Among the pairs with the strongest correlations, we found the dandelion species Taraxacum officinale, which is native to Western Europe, and Taraxacum mongolicum, which can be found from Siberia to temperate East Asia. Both species have reported uses for treating acute lung injury,43,44 breast cancer,45,46 and viral hepatitis.47,48 Among the many potentially bioactive compounds present in both Taraxacum officinale and Taraxacum mongolicum are taraxacosides, sesquiterpene lactones, phenylpropanoids, and triterpenoid saponins.49

We also found the elderberry species Sambucus canadensis, native to North and South America, and Sambucus williamsii, native to Asia and widely cultivated in Europe. The Eurasian species has thousands of years of traditional medicinal use and has been subject to considerable modern research, whereas the American species has received far less research attention, although it appears to be of a similar chemical composition.50 Uses and therapeutic indications for the Eurasian species include respiratory diseases, antimicrobial, cancer, immune enhancement, arthritis, and constipation,51 while uses for the American species in Brazilian and Cuban folk medicine include respiratory diseases, anti-inflammatory, sinusitis, influenza, and general immune enhancement.50 Similar to the previous example, both Sambucus species from the Western and Eastern Hemispheres contain many of the same or highly similar flavanoids, sambubiosides, anthocyanins, rutinosides, and quercetins.51 Additionally, we also identified several other congeneric species, such as Liquidambar styraciflua (North and Central America) and Liquidambar orientalis (Greece and Turkey), Coptis teeta (India) and Coptis japonica (Japan), and Boswellia serrata (India) and Boswellia sacra (South of the Arabian peninsula) (Figure 6B), all of which shared common therapeutic uses and can potentially be investigated to discover new bioactive phytochemicals.

Case scenario 3: Uncovering common ethnobotanical patterns across genera through phytochemical profiling

In this case scenario, we focus on well-known bioactive phytochemicals to illustrate how non-taxonomically related species can share common ethnobotanical patterns around certain therapeutic areas if they contain common bioactive compounds used to treat those.

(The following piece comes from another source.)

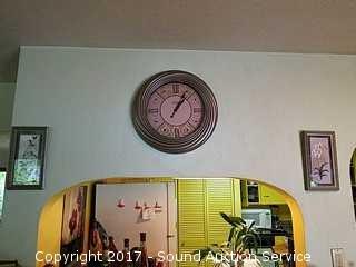 Lot #0075: ECW 20" Wall Clock & Floral Print Decor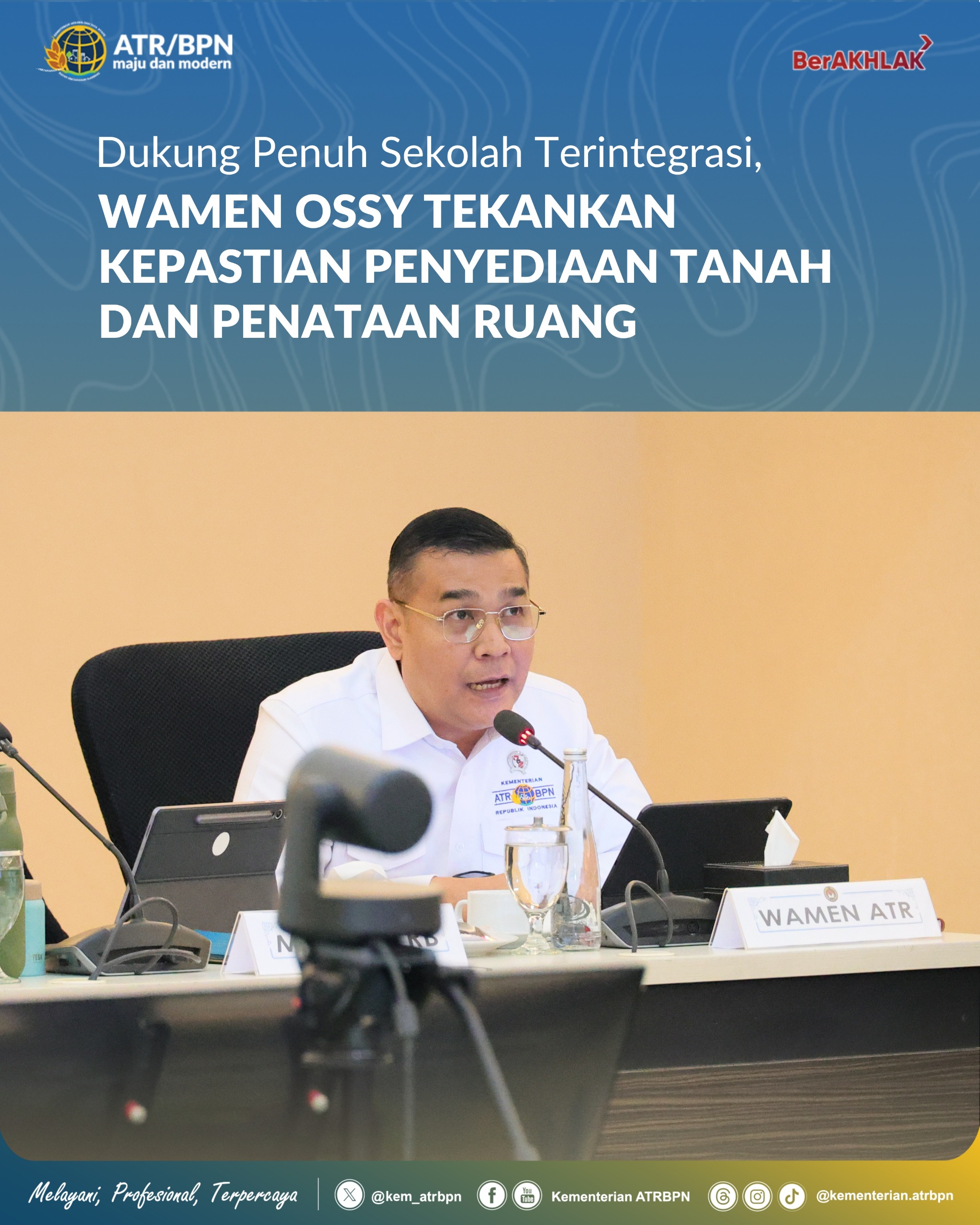 Wamen Ossy juga menegaskan kesiapan Kementerian ATR/BPN untuk terus bersinergi dengan Kemenko PMK dan Kementerian Pendidikan Dasar dan Menengah (Kemendikdasmen) dalam mewujudkan pembangunan Sekolah Terintegrasi.

Firstly, we investigated species containing sennosides, a group of phytochemicals commonly used as laxatives both for constipation and for emptying the digestive system before surgery.52 According to two natural product databases used in our work,53,54 sennosides are present in the following genera: Cassia, Fallopia, Reynoutria, Rheum, Senna, and Terminalia. In NCBI Taxonomy, these genera comprise a total of 431 species, of which 22 are known medicinal plants, as reported in the datasets used in this work. Among these species, only eight are known to contain sennosides, and all of these have been reported to hold therapeutic properties for digestive disorders from a total of 103 articles. Conversely, from the remaining 14 species that are known medicinal plants, only nine have been associated with digestive disorders by a total of 46 articles. Similarly, we examined species containing vinca alkaloids, a large group of alkaloids known for their anti-mitotic and anti-microtubule activity, which are used to treat various forms of cancer.55 Two genera known to contain these important phytochemicals are Catharanthus and Nelumbo. In both genera, only two species contain vinca alkaloids, namely, Catharanthus roseus and Nelumbo nucifera, which are also the only species for which anticancer activity has been reported.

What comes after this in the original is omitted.